La pregunta sigue siendo, en medio de la marea de reclamos por los derechos individuales (consumo de marihuana, eutanasia, aborto legal, seguro y gratuito, etc.), ¿dónde queda el horizonte de lo común?
¿Dónde quedan los modelos posibles de economía alternativos al subdesarrollo que el capitalismo financiero globalizado hoy propone a países endeudados como Argentina?

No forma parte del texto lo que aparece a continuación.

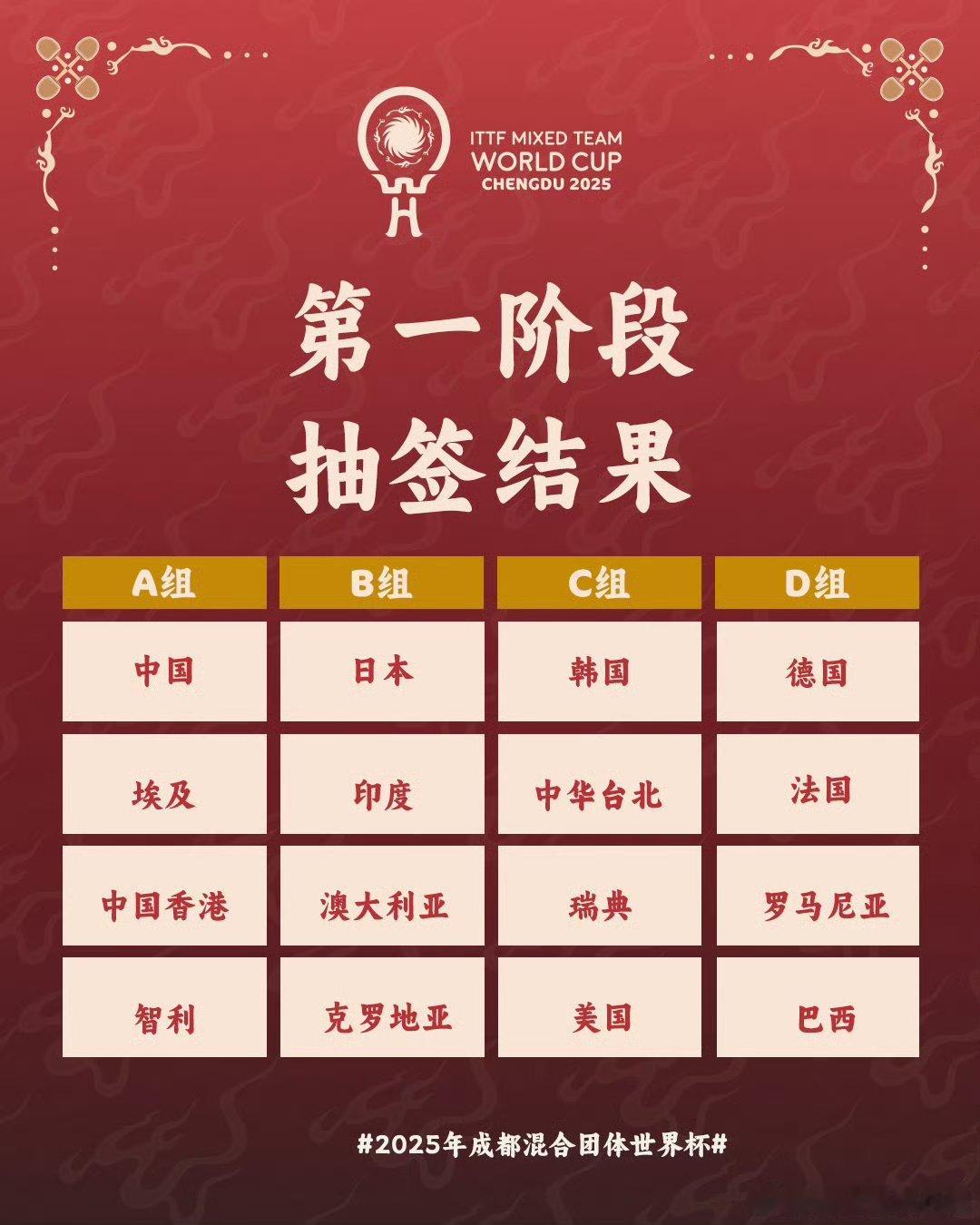 混团世界杯八强产生 第一阶段循环赛晋级队伍名单出炉A组:中国、中国香港B组:日本、克罗地亚C组:韩国、瑞典D组:德国、法国根据赛制,第二阶段同样采用循环赛的形式,并且在第一阶段交手过的队伍,交手成绩将带入第二阶段,与其他队伍进行循环赛。最终排名前四的队伍进入第三阶段比赛。 国乒8比0智利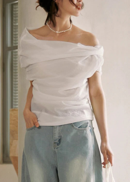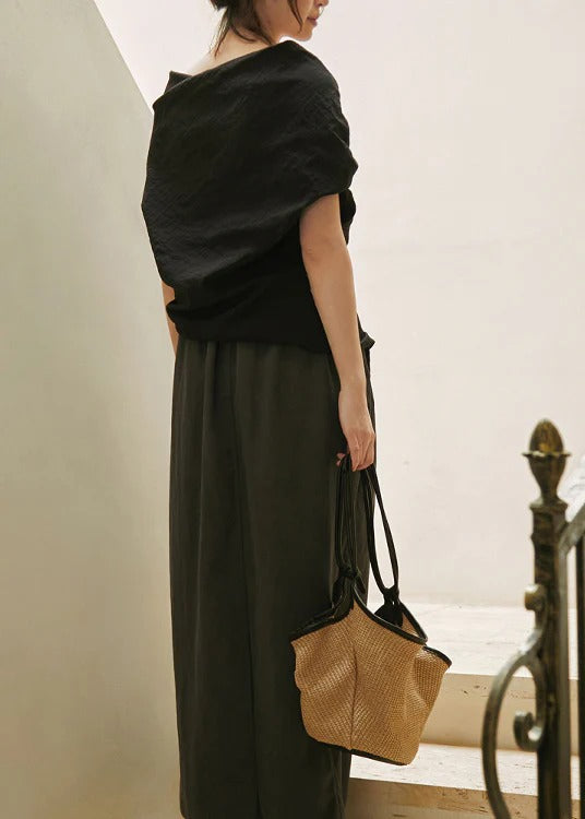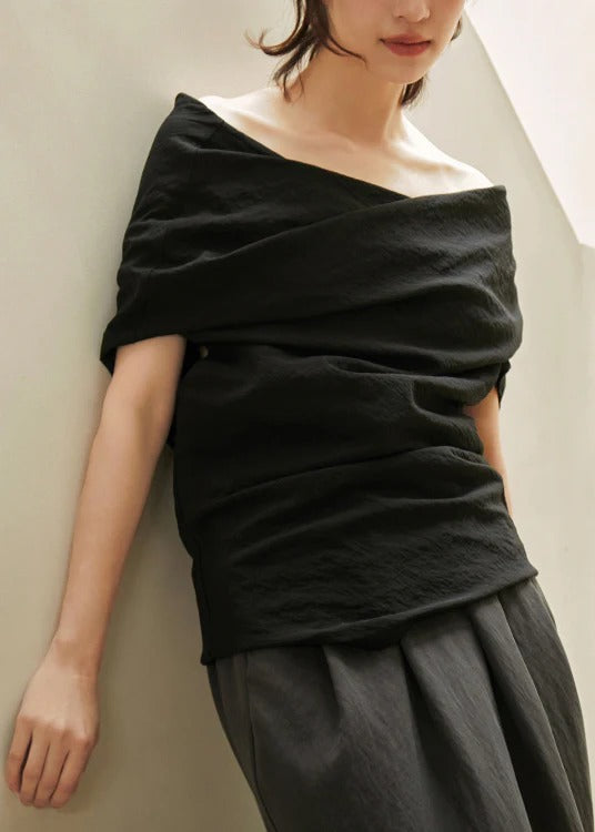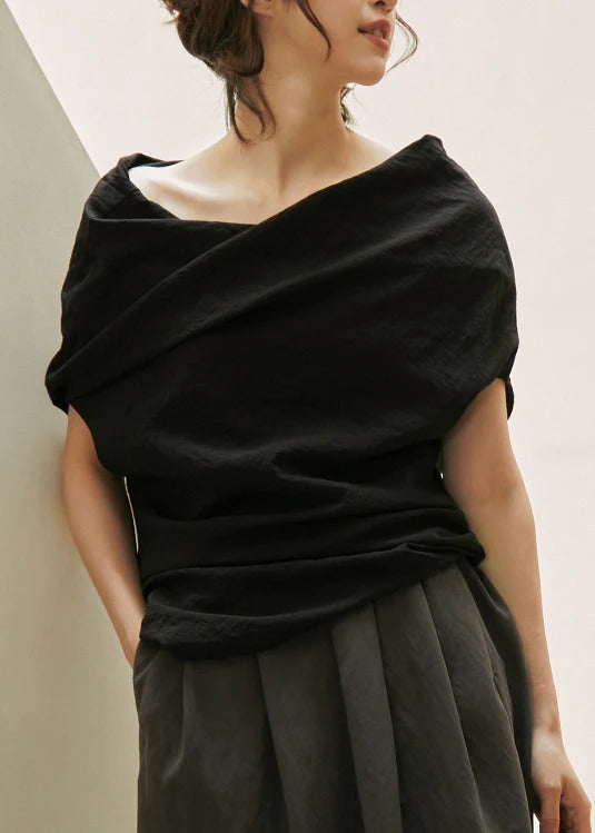 Chic Black Slash Neck Wrinkled Cotton Shirt Summer

La trampa es sencilla, primero se asfixia a las economías subdesarrolladas con deuda en moneda extranjera. Luego se les exige una agenda de austeridad y políticas regresivas para el pueblo. Y al mismo tiempo se promueve desde múltiples sectores una agenda de “diversidad” y “ecología” que no reconoce ningún tipo de lógica económica y termina siendo funcional, aunque desde una perspectiva progresista, a las trabas que el neoliberalismo impone en su lógica post-neocolonial a los pueblos más pobres del planeta.
Es oportuno preguntarnos por qué el impuesto a la riqueza no suscitó la fenomenal movilización política y discusión social que trajo, por ejemplo, la ley de interrupción voluntaria del embarazo. La gran deuda argentina, que tiene un correlato mundial, continúa siendo la economía y las opciones de soberanía en los marcos de un tecnocapitalismo financiero que avanza con intentos de refeudalizar a los pueblos.
Las transformaciones culturales pueden ser grandes motores de politización de la sociedad. Pero sólo si se incorporan a la discusión macroeconómica donde se definen los grandes trazos del desarrollo común de las sociedades. De lo contrario sólo son agendas de individualismo new age que, con extremadas precauciones, pasan de todo tipo de compromiso político por fuera de los límites que imponen la piel y el Yo.